Затерявшись, наконец, в мегаполисе, Инка наблюдала за воплощением своей давней мечты. Поначалу было необычно – рассматривать незнакомые, пожилые строения, на лестничных клетках которых вместо окон витражи. Было интересно заглянуть в отдаленный уголок тенистого дворика, где свалены старые кресла из парикмахерской. Такие пыльные, с рваными сиденьями, из которых выглядывает поролон и торчат кудряшки пружин. Инка осторожно разведывала незнакомые места, рассматривала увитую плющом избушку, где, судя по табличке, находится забытый всеми склад лекарств. На детской площадке в этом дворе нашлись скрипучие качели – тяжелая доска на цепях. Инка упала на качели, затикала, как маятник, туда-сюда, роняя на песок ягодки-кровинки. Она тикала на нее, осматривая кусты сирени, бревно-скамейку, рядок пустых бутылок, стаканчики, которые ветер катает по затоптанной лысой лужайке. Она кусала и облизывала палец, но кровь не останавливалась, капала и капала, это портило Инке долгожданное ощущение – как-никак удалось затеряться в мегаполисе. Она расстегнула сумку, извлекла оттуда трубку, набитую собранными и высушенными травами, – мятой перечной, ромашкой аптечной, стеблями репейника, колокольчиками и подорожниками. Инка начала эксперименты с травами очень давно – тогда они с братом курили самокрутки из листьев яблони, вишни, лепестков календулы, можжевельника, рябины, и, случалось, их потом сильно рвало. В зарослях дикой малины, ежевики и лесных хвощей они пробовали на зуб каждую травинку-былинку в поисках листа коки. Они знали: растение кока
[12]славится не только как ценная витаминная добавка, но, увы, оказалось, растение это обошло наши края своим драгоценным ареалом или было вырвано древними племенами задолго до нас. От отчаяния Инка и брат курили все, что попадалось на глаза, а потом брата увезли в больницу, и он неделю лежал под капельницей. Когда брата выписали, был разгар лета, и они вместе загорали на крыше.Но сейчас, на качелях незнакомого двора, Инка ни о чем не жалела. Она чиркнула спичкой, и трава в трубке начала красно поеживаться под дымком. Эта была трубка доброжелательного и молчаливого примирения. Попыхивая, Инка успела простить брата и возлюбленного – он далеко, в другом мире, а в мире том далеком – нелегко. Ей нравился незнакомый двор и разбегающиеся от него в разные стороны улочки, которые небрежно виляли, словно живучие, цепкие вьюнки. Когда наконец с удовольствием затеряешься в городе, нет смысла быть куском целлофана, сразу в тебе все оживает, пробуждается чахлое, забитое, увядающее самообнаружение восстает из глубин, стряхивает заразу гипноза, дурь реклам и дым цивилизации. Сидишь, дышишь полной грудью в незнакомом дворе, никаких здравомыслящих целей не имея, отдыхаешь, чувствуя, как никогда, что вполне проснулся, что начисто жив, что до конца осуществлен. Так думала Инка, довольно оглядывая шумящие деревья и малоэтажные кирпичные дома, что, как стены крепости, окружали ее с разных сторон.
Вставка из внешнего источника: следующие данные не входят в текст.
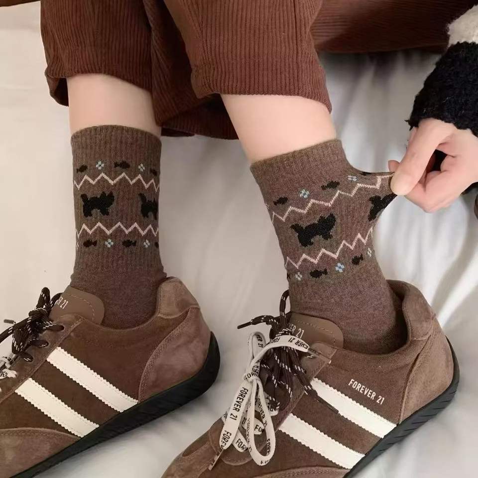 Calcetines de tripulación de longitud media con patrón Fair Isle, transpirables, que absorben el sudor, para mujeres, jóvenes, ropa informal, gris, marrón oscuro, marrón claro
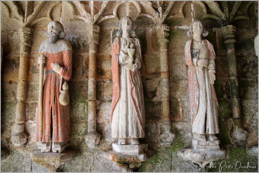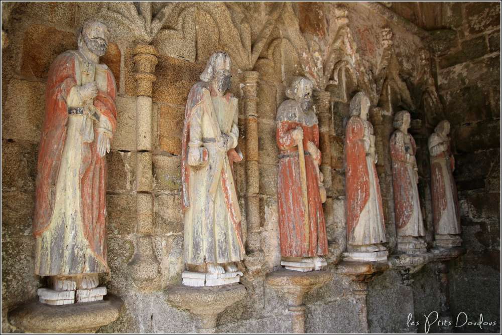 À l’intérieur du porche d’entrée, les parois abritent les statues en bois polychrome des douze apôtres.
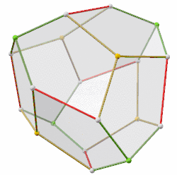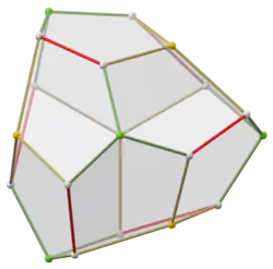 Another important rhombic dodecahedron, the Bilinski dodecahedron, has twelve faces congruent to those of the rhombic triacontahedron, i.e. the diagonals are in the ratio of the golden ratio. It is also a zonohedron and was described by Bilinski in 1960.[16] This figure is another spacefiller, and can also occur in non-periodic spacefillings along with the rhombic triacontahedron, the rhombic icosahedron, and rhombic hexahedra.[17]
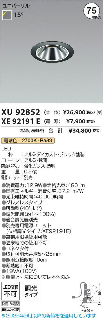 Koizumi コイズミ照明 LED防雨防湿型ユニバーサルダウンライト 本体 XU92852
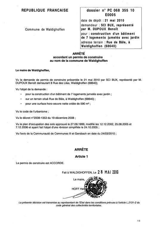 Arrete De Permis De Construire N Pc10e0005 Sci Bux Waldighoffen
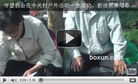 今天是守望教会在中关村中钢大厦前广场平台的第四次户外活动,早八点半博讯义工看见在平台上有20余名穿戴整齐的教徒,在平台上集体朗诵什么。约7、8名警察在驱赶他们,博讯义工见此赶紧下车。到广场内看见这20多教徒在大平台旁继续列队朗诵什么,在他们边上有三女一男和一个小孩在唱基督的赞歌,他们还拿一张打印好的《5月8日守望教会户外活动程序》。他们都很虔诚的祷告,唱赞歌。不知道今天北京警方是采取“欲擒故纵”方式?还是警力不到位,暂不下手抓人?在连续几周的严厉打压后,9点左右中关村广场大平台有基督徒在活动,祷告,唱歌,博讯义工有视频、照片为证。
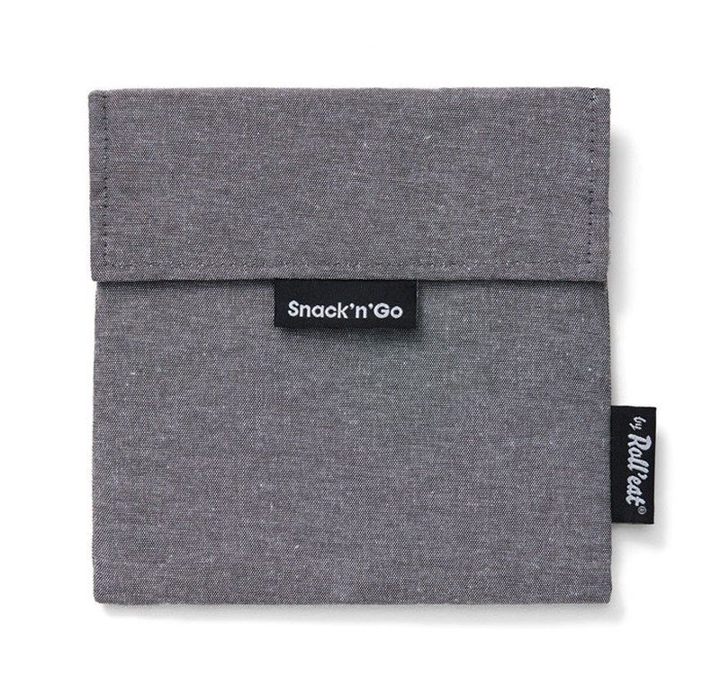 Portasnack Snack'n'Go Nature en color gris, fabricado en lona resistente y duradera. Ideal para llevar snacks, frutas o bocadillos de forma práctica y ecológica. Su diseño compacto y cierre tipo solapa lo hacen perfecto para el día a día, el trabajo o el colegio. Reutilizable y fácil de limpiar, es una opción sostenible para quienes cuidan el medio
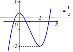 Quan sát đồ thị hàm số ta thấy đường thẳng \(y = \dfrac{1}{2}\) cắt đồ thị hàm số \(y = f\left( x \right)\) tại đúng \(3\) điểm phân biệt.

Полностью выбравшись из дыма повседневности, из игры в «куда-то спешить, успевать, получать, отрабатывать, покупать», сознание торжествовало и беспокоилось – как же так? Вот и мечта сбылась, но что за неясная тоска мнется в горле, тревожит в груди. Словно тело стало мало для всего, что внутри. Курила Инка трубку примирения, теряла кораллы крови, слабела и беспокоилась.
– Что же не так, что еще нужно? – вопрошала она тишину двора, обдуваемую ветром.
Мечта сбылась, самообнаружение установилось, дымок трубки пахнет мятой и деревенской печью. Но жалобная птица кецаль затянула в груди Инки грустную, волнующую песнь: «Брат потерян, Уаскаро ушел в неизвестном направлении, некому поведать, как хорошо затеряться среди незнакомых дворов и сидеть на качелях, рассматривая скамейки, незнакомые подъезды и блики оконных стекол. Какие красивые вон те два кота, когда они сидели, напоминали две глиняные копилки, а теперь, лениво виляя боками, идут. У одного хвост как хвост, а у другого – волочится несчастный, ободранный хвост-инвалид по пыли».